PROBLEM
Exactly the lines from the line with "Participants at the" through the final line of the records below, both ends included, are to be set down. Do not include pictures.
::: DATA SUPPLIED
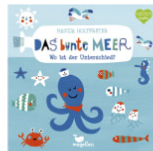
Das bunte Meer - Wo ist der Unterschied?
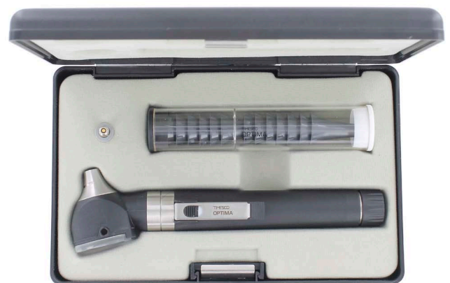
2505.260.50 Optima Pocket Oscope In Hard Case with 2.5V Spare Bulb
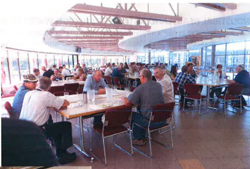
Participants at the Vermilion River Watershed Forum -August 2015

On September 17, 2015, the Sturgeon River Watershed Forum was held at the Enjoy Center in St. Albert. There were 78 participants who heard presentations on a variety of topics including invasive species, long term trends in prairie climate and water supply, and agricultural issues in the watershed.
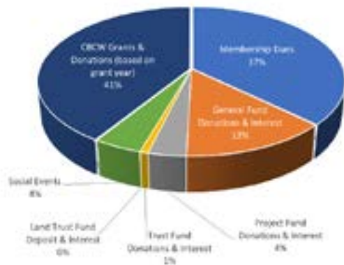
2023 CFAPOA Receipts
::::::
OUTPUT BELOW
Participants at the Vermilion River Watershed Forum -August 2015

On September 17, 2015, the Sturgeon River Watershed Forum was held at the Enjoy Center in St. Albert. There were 78 participants who heard presentations on a variety of topics including invasive species, long term trends in prairie climate and water supply, and agricultural issues in the watershed.
2023 CFAPOA Receipts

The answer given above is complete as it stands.